Мелькнуло несколько пингвинов, цветастых баннеров в переливающихся обертках, пахнуло дымом и несвежими трусами, проклятьем Галатеи обернулось разговором с копипастой, в полете Фауст сбил стартующего Данте, а истинные цари этого мира - котики - улыбнулись, ибо им пришлось по нраву.
- Ветры магии! - возглашаю - Ветры свободы! Впустите в веб два ноль, построенный Стивенсоном в криптоэропе! Здесь ваши силы не властны надо мной!
- Мы думали, что все порталы уничтожены - удивилось нечто в Яровой - как ты сумел пробить великий китайский файерволл?!
- Как немцы справились с линией Мажино - отвечаю - Обошел.
Через портал пробегали всполохи кода, подкидывая флейма Цою в кочегарку. Осмотрительный путник не идет в ногу, он включает генератор бреда, пряча, среди безумия и чертовщины (ударение на о) капли здравой мысли, как Пикачу, возвеличивающий йцукена.
- Это не важно. Это немыслимо. Это не по поня... – застряло нечто.
- Это чрезвычайно вовремя! - воскликнул вошедший Петька. Из-за его невидимой спины выглядывали сироты, имерская гвардия, в пятнах, как трубочист, и столь же политически несуразные - я сильно сомневаюсь, что мы выйдем через официальный выход. Там Мегатроны и...
- И все же мне непонятен ваш план - перебивает многоголосие из Яррика - вы больше не легитимны; вам никто не поверит. Вы теперь - террорист, и ничто больше.
Я набираю в легкие побольше воздуха:
- Террорист - это звучит гордо. В первую очередь, в наше время, Террорист - это контент-мейкер. Он консолидирует нацию, дает ей повод для обсуждения поздно вечером за чашкой чая, роднит всех, создает что-то общее. У Террориста нет альтернативы. Блогеры, как раковое новообразование, совокупность всех видов СМИ, бессильны перед Террористом. Они соревнуются в зашкварности, горбатятся на ЦА, наживаются на дивидендах от рекламы; им нет доверия, ибо купюры от продуктплейсинга тампонов Ранеток - воистину грязные, грязные деньги.

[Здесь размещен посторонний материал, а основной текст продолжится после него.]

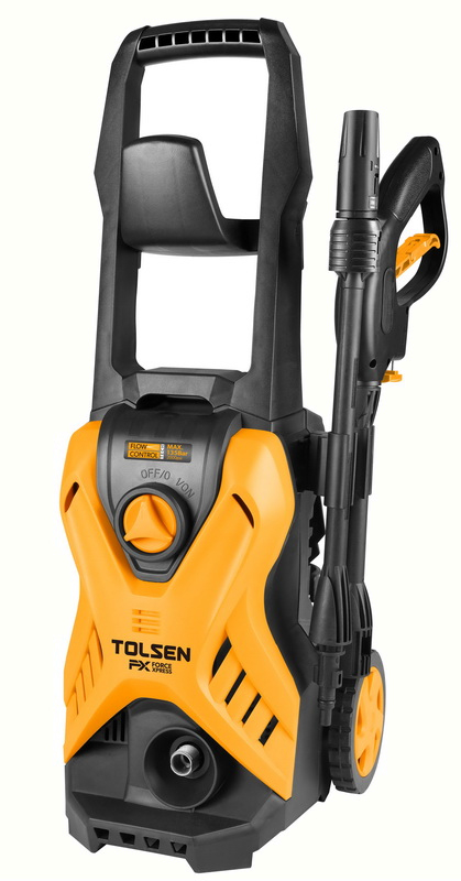 Aparatul de spălat cu presiune Tolsen este dotat cu un motor PwrBlastX performant, ce garantează o performanță superioară și o eficiență ridicată in curățarea rapidă și eficientă a suprafețelor murdare de la mașini, mobilier de grădină, trotuare și alte suprafețe similare. Acesta are o putere de intrare de 1700W și o tensiune nominală de 230V, frecvența de 50Hz și o presiune nominală de 90Bar (1300psi) și o presiune maximă de 135Bar (2000psi). Acesta are o rată de curgere de 5L/min și funcția de aspirație automată. Aparatul este omologat CE și este prevăzut cu protecție la temperatură și la presiune pentru siguranța utilizatorului. Acesta vine cu un pistol de spălare cu duză reglabilă, un furtun de presiune inaltă de 7 metri, o sticlă pentru săpun, un adaptor pentru robinet, un conector de furtun și un ac de curățare. Acest aparat de spălat cu presiune este ușor de utilizat și este perfect pentru utilizarea acasă sau la birou. Acest aparat este livrat cu un cablu de alimentare VDE aprobat de 5 metri și este ambalat intr-o cutie colorată pentru depozitare și transport ușor.

- Террорист же рискует своей жизнью - продолжал я, увлекшись, аки Керенский, своей же собственной речью - секс и насилие - самые животрепещущие и кассовые тематики среди людей. Террорист приходит через Танатос к Эросу, орошая кровью медиапродукт. На примере Сектора Газа и Палестины мы можем проследить возрастание внимания к проблеме оккупации: невежество, отрицание, принятие, и вот наши любимые пархатые братишки уже не так невинны, как завещал в своем фильме Муххамед. Разумеется, важную роль в этом сыграла правильно выбранная цель: один-единственный самолет с подвидом высшей расы человечества - хомо американус...
Сироты слушали, широко открыв рот. Некоторые мотали хайером, покачиваясь в такт речи, другие заунывно, будто фримены Дюны, постанывали. Передний, прыщавый подросток с горящими глазами, чем-то похожий на Сергея Лукьяненко, звонко щелкал пальцами, радуясь каждому слову.
- Террорист - твой единственный друг. Террорист - тот, который говорит Правду, парни хотят быть похожим на Террориста, девушки хотят его исправить... в лицемерном мире, где много зла и сложностей, есть лишь прекрасная мечта о Смерти со множеством вариаций и возможностей, и лишь ей мы можем верить, лишь ее мы можем уважать!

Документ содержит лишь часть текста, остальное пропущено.